In particular, when LEDs are used, they can be designed as μLEDs, i.e. micro-LEDs. A μLED has only a very thin substrate or no substrate at all, which makes it possible to manufacture the μLED with small lateral expansions, especially in the μm range.
When using LEDs and/or μLEDs as optoelectronic semiconductor components, operation by means of pulse width modulation is advantageous in order to achieve sufficient image quality. The reason for this is the strongly varying wavelengths of an LED at different operating currents.
The described optoelectronic light emitting device according to the first aspect can be an active matrix LED display with storage of 1 bit per pixel or subpixel and enables the use of low-cost TFT technology as well as simple, proven and reliable 2T1C circuits. Furthermore, large programming fields can be programmed at small programming frequencies, low off times can be achieved in which the optoelectronic semiconductor components are switched off during programming, and the flickering as well as the image quality during filming of the display can be improved by artificially increasing the “frame rate”.
As described above, the row pattern can be shifted by exactly one row per time interval according to one embodiment. The row pattern can be shifted downwards by one row in the matrix at a time, but it can also be provided that the row pattern is shifted upwards by one row in the matrix.
In an alternative embodiment, the row pattern is shifted down or up by more than one row per time interval.
The programming device can be configured in such a way that in successive time intervals, in particular during a refresh cycle, it programs in a row the bits of the image information to be reproduced by the optoelectronic components according to a predetermined bit pattern. The bit pattern may be the same for all rows.
For example, in the bit pattern, the bits can be ordered according to their significance. For example, per pixel or subpixel, the most significant bit can be programmed first, followed by the least significant bits in descending order up to the least significant bit.
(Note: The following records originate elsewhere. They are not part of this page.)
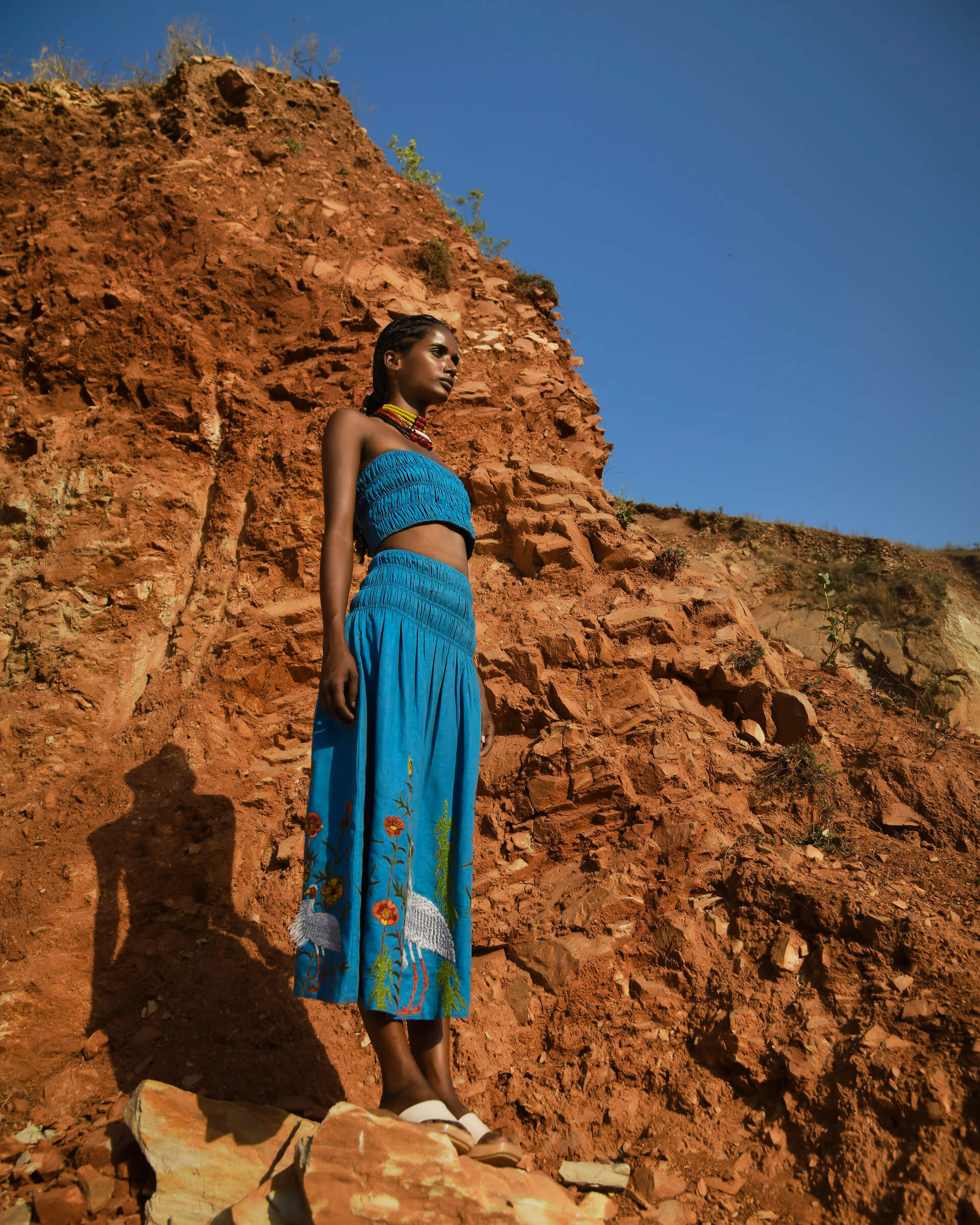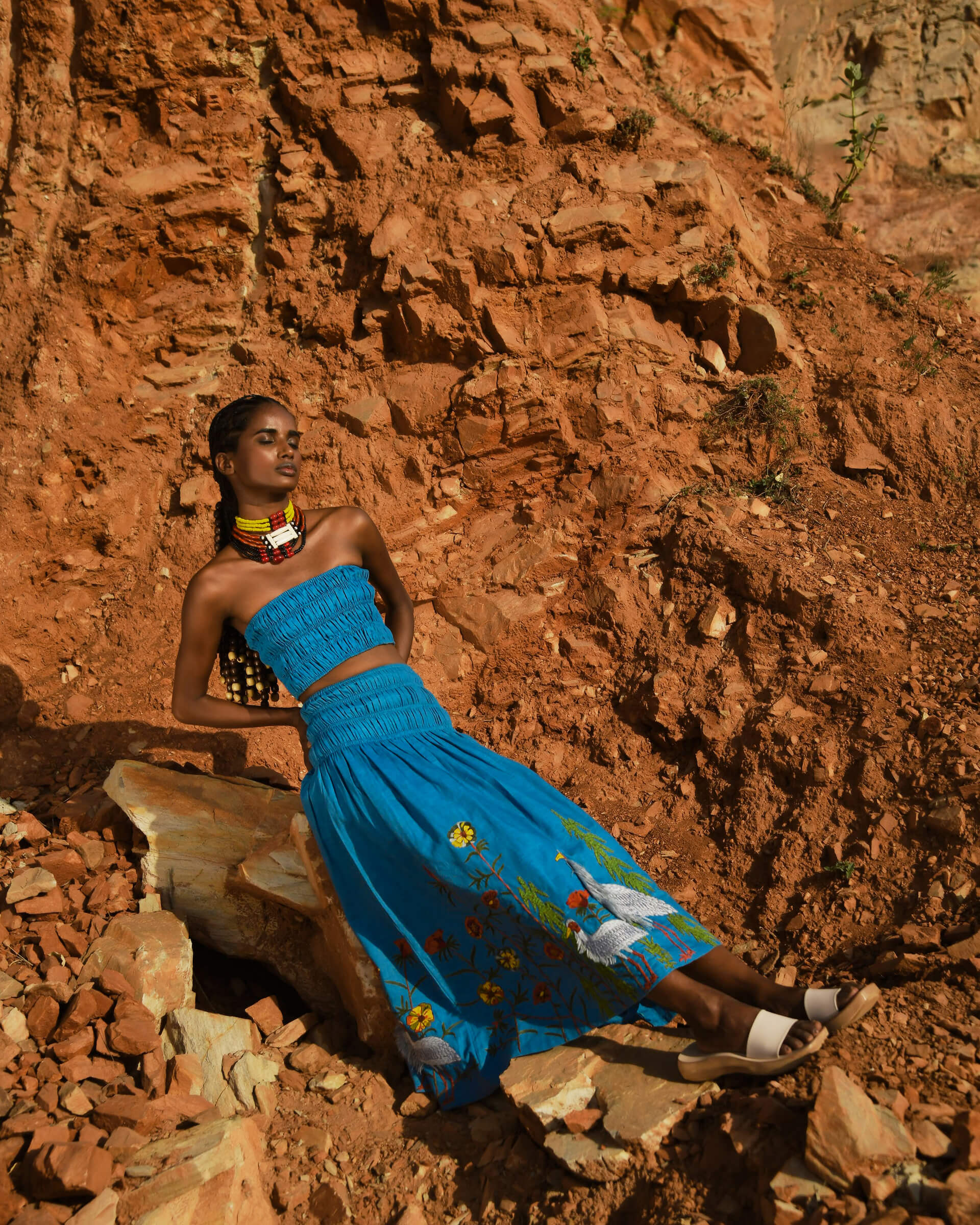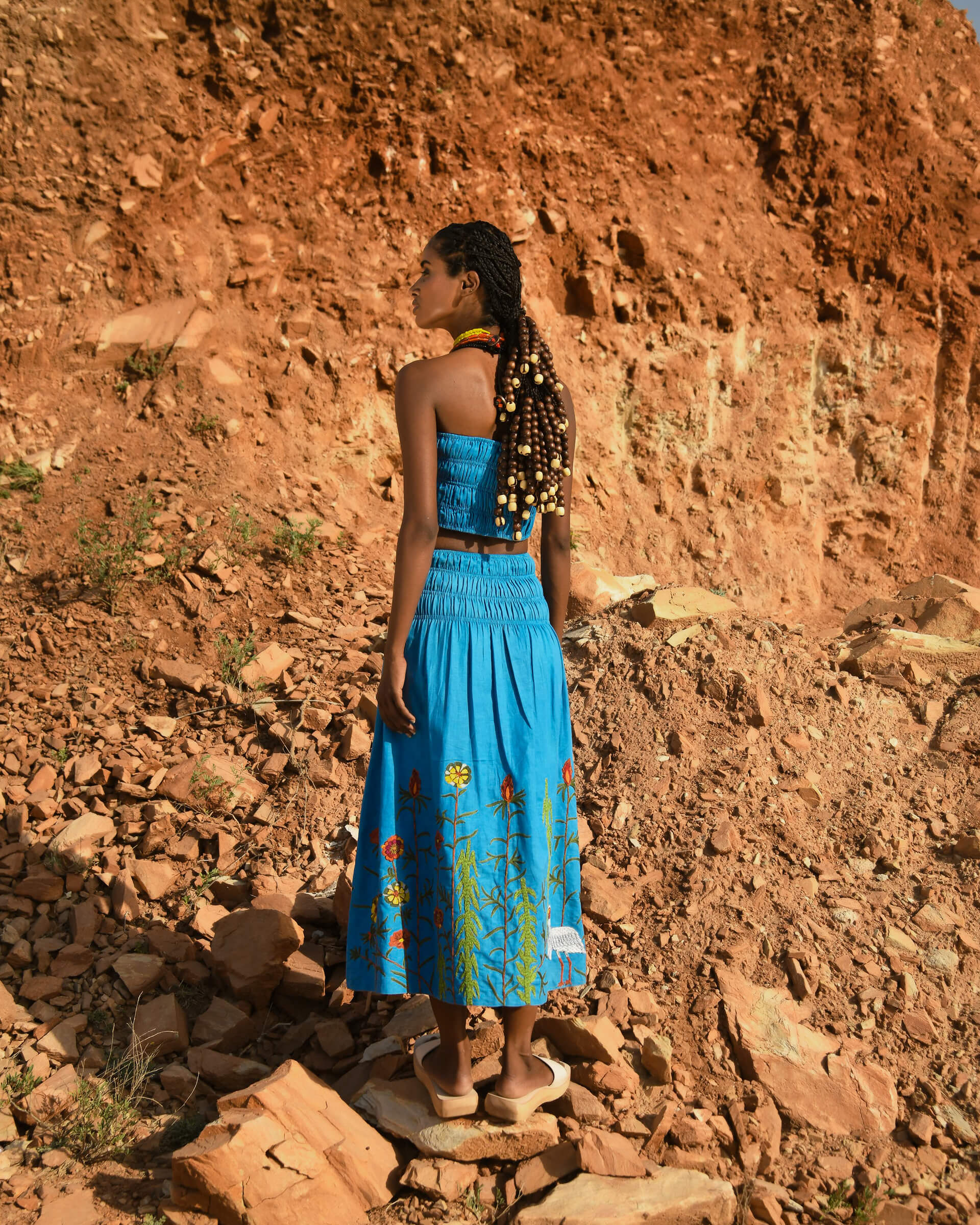 Anga' means 'blue sky' in Swahili, and the Anga Co-Ord Set is a splash for this dreamy colour. A wild tapestry adorns the Anga Skirt. The garment is a hand-embroidered painting, featuring storks amongst a lush, floral scenery. With its smocking detail on the waist, this A-line midi skirt is as comfortable as it is dreamy. Pair it with the Anga Crop Top to complete the look.
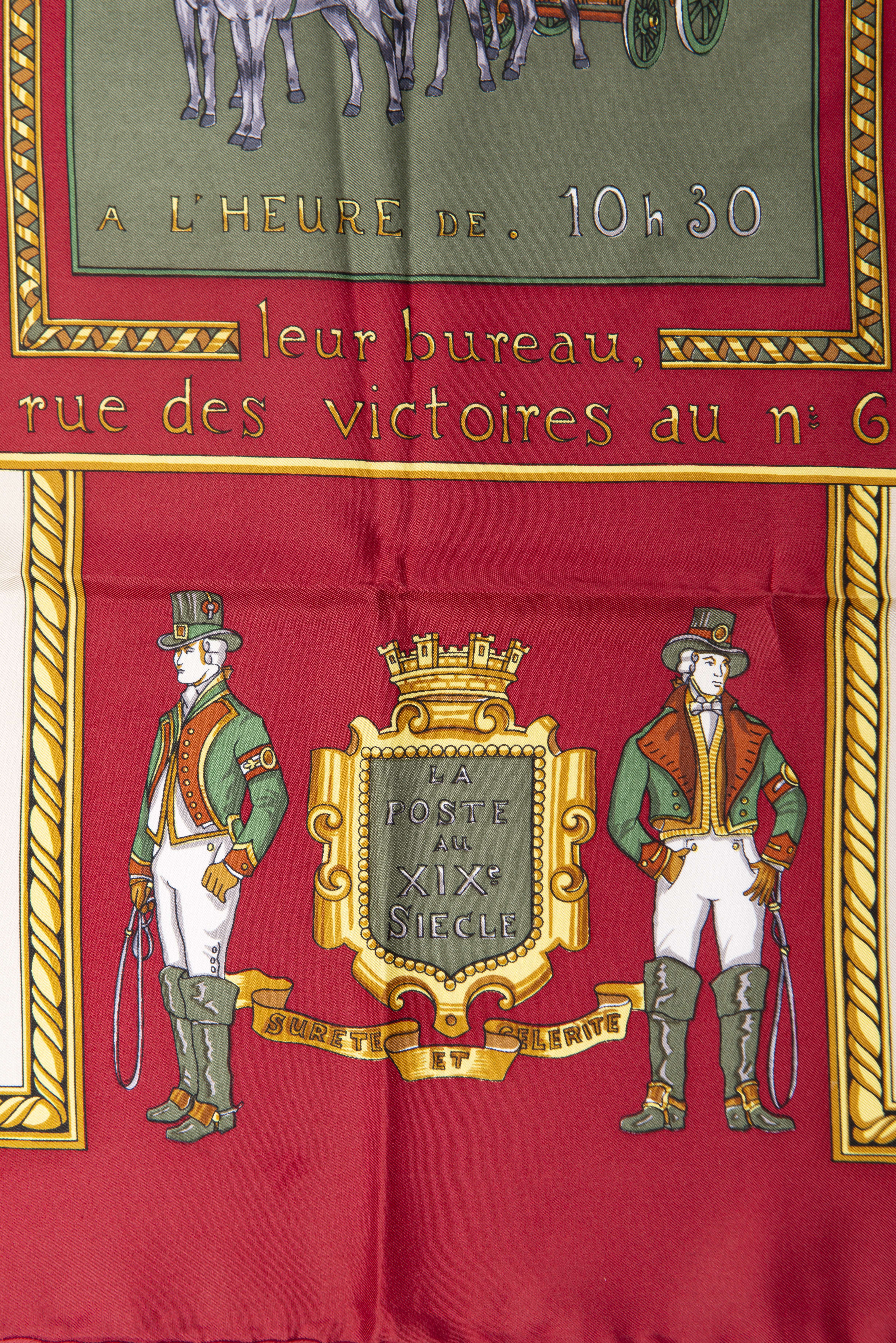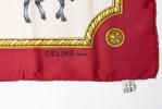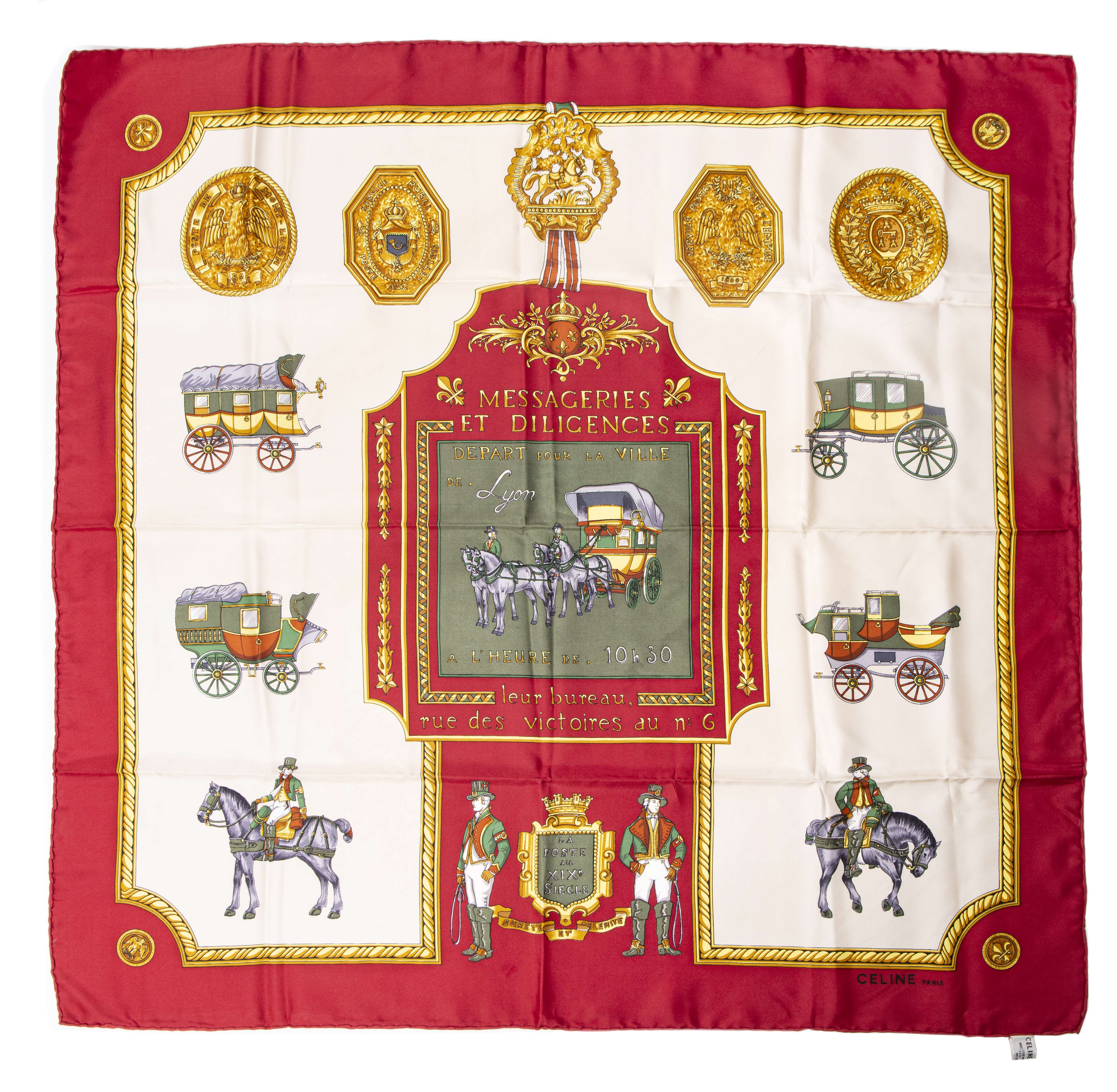 - CÉLINE, carré en twill de soie "Messageries et Diligences", à pourtour rouge. Couleurs : Rouge, Beige, Vert
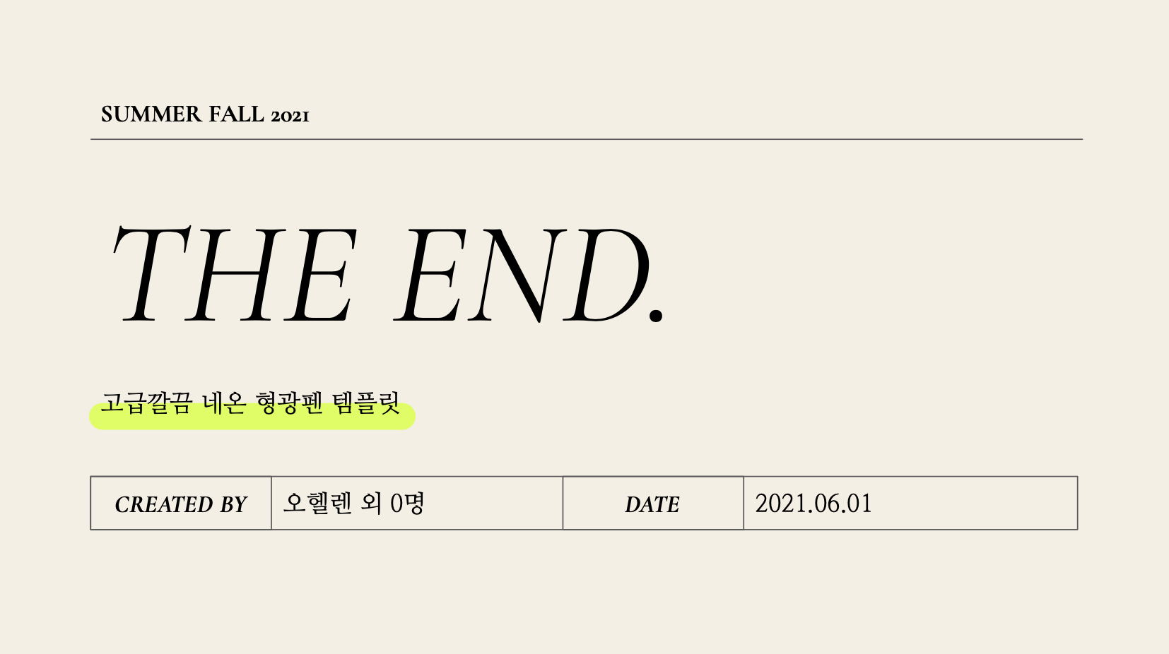 저는 개인적으로 이번 고급, 깔끔 매거진 형광펜 템플릿 디자인이 무척 마음에 듭니다. 너무 튀지도 않고, 그렇다고 너무 지루하고 잘난체하는 느낌이 없이 적절히 잘 섞인 것 같아요. 형광펜으로 쫙! 그어놓은 느낌이 여름에 활용하시기에도 좋은 것 같습니다. 겨울용도 하나 만들어봐야겠어요!
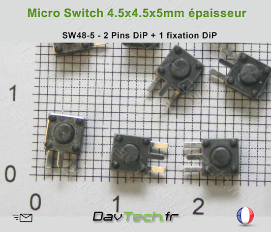 Micro switch 4.5x4.5x5mm 3 pins DiP bouton poussoir push
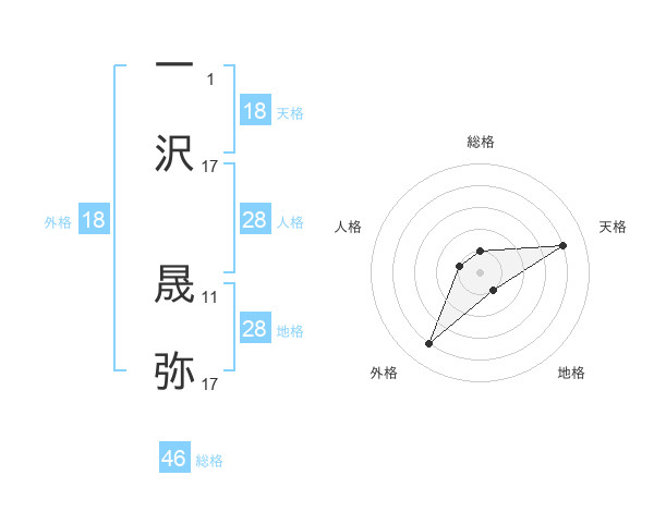 一沢 晟弥さんの天格は18画の4点!
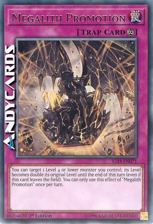 Puoi scegliere come bersaglio 1 mostro di Livello 4 o inferiore che controlli; il suo Livello diventa il doppio del suo Livello originale fino alla fine di questo turno (anche se questa carta lascia il Terreno). Puoi utilizzare questo effetto di "Avanzamento Megalito" una sola volta per turno.
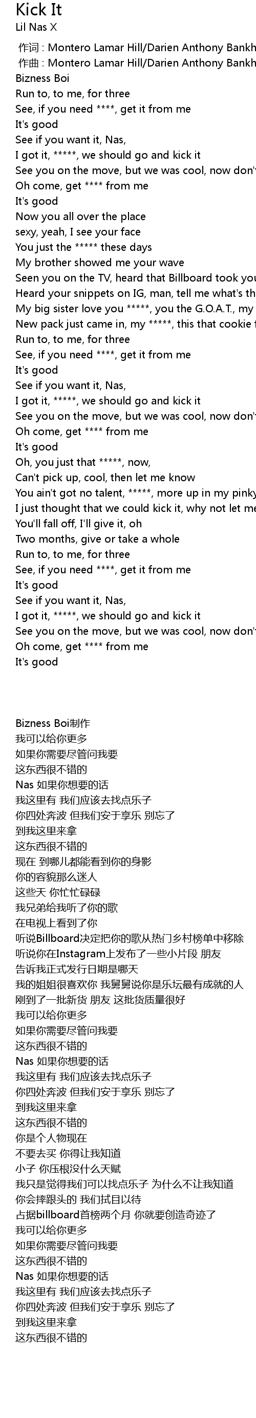 | [00:25.47] | I got it, *****, we should go and kick it |
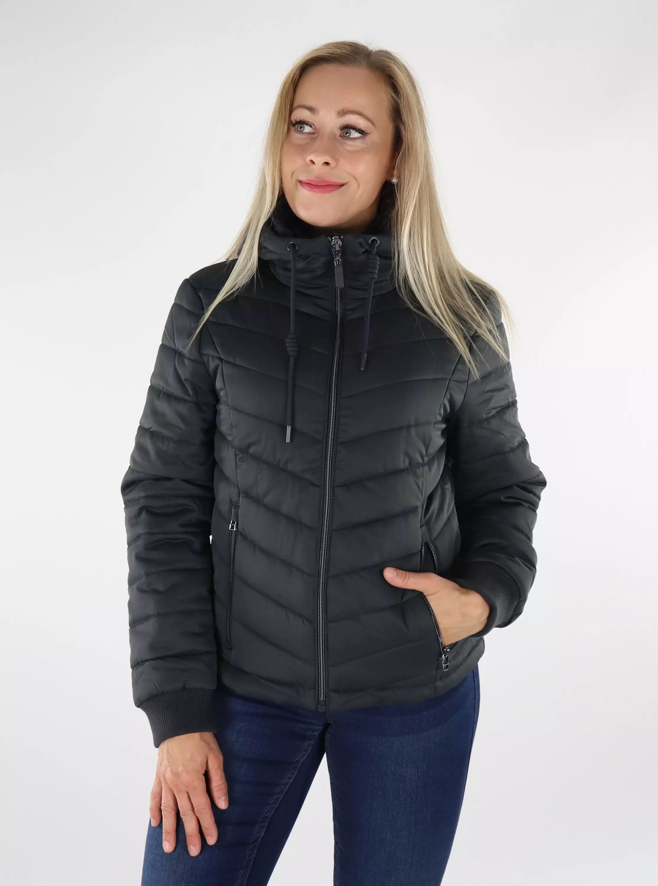JDY Lätt quiltad jacka huva svart
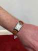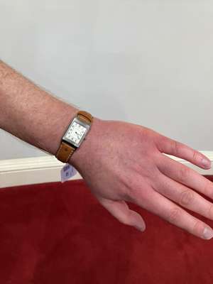 Reverso Classique model 252.8.86, c.2014, stainless steel case, manual wind movement, rectangular silver-coloured dial with Arabic numerals in black, inner railroad seconds track also in black, blued steel sword hands, the casefront with ribbed sections to top and bottom, with model and serial numbers to the caseback, on a signed JLC tan ostrich strap with signed deployant clasp, no box and papers
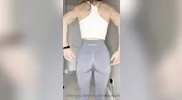 Leggings, camel toe, bending over, pulling them down with Jessie & Jackson

This order can also be reversed.
In one example, for a 4-bit image information, the most significant bit 3 (MSB) will be programmed in a first time interval, during the 9th and 13th time intervals the next least significant bits 2 and 1 respectively will be programmed, until finally in the 15th time interval the least significant bit 0 (LSB) will be programmed.
According to a further embodiment, the bits in the bit pattern are not ordered according to their significance. For example, another bit can be inserted between two bits that directly follow each other in their significance. The following bit patterns are examples of such bit patterns: Bit 3, Bit 0, Bit 2, Bit 1; Bit 3, Bit 1, Bit 2, Bit 0; Bit 1, Bit 3, Bit 2, Bit 0.
Furthermore, at least part of at least one bit may be inserted into another bit in the bit pattern. For example, a less significant bit can be inserted into a higher significant bit, or two or more less significant bits can be inserted into a higher significant bit, or at least parts of one or more less significant bits can be inserted into a higher significant bit. Shifting at least parts of less significant bits into higher significant bits increases the likelihood that additional flanks will occur in the representation of the image information, thereby reducing unintended flickering of the image representation.
A pixel driver circuit can be assigned to each pixel or each subpixel. In particular, the pixel driver circuit can have a 1-bit memory into which a bit can be written by the programming device. The pixel driver circuit uses the programming to drive the associated semiconductor component so that it either lights up or does not light up according to the programming.
A method according to a second aspect of the present application is suitable or intended for controlling, in particular programming, an optoelectronic light emitting device. The optoelectronic light emitting device comprises a plurality of programmable pixels arranged in a matrix of rows and columns. Each pixel comprises at least one optoelectronic semiconductor component. The pixels are programmed in a plurality of successive time intervals. A row pattern comprising a subset of the rows of the matrix is given for programming the pixels. For each time interval, the pixels of those rows are programmed that are comprised by the row pattern or are specified by the row pattern. The row pattern is shifted by at least one row per time interval.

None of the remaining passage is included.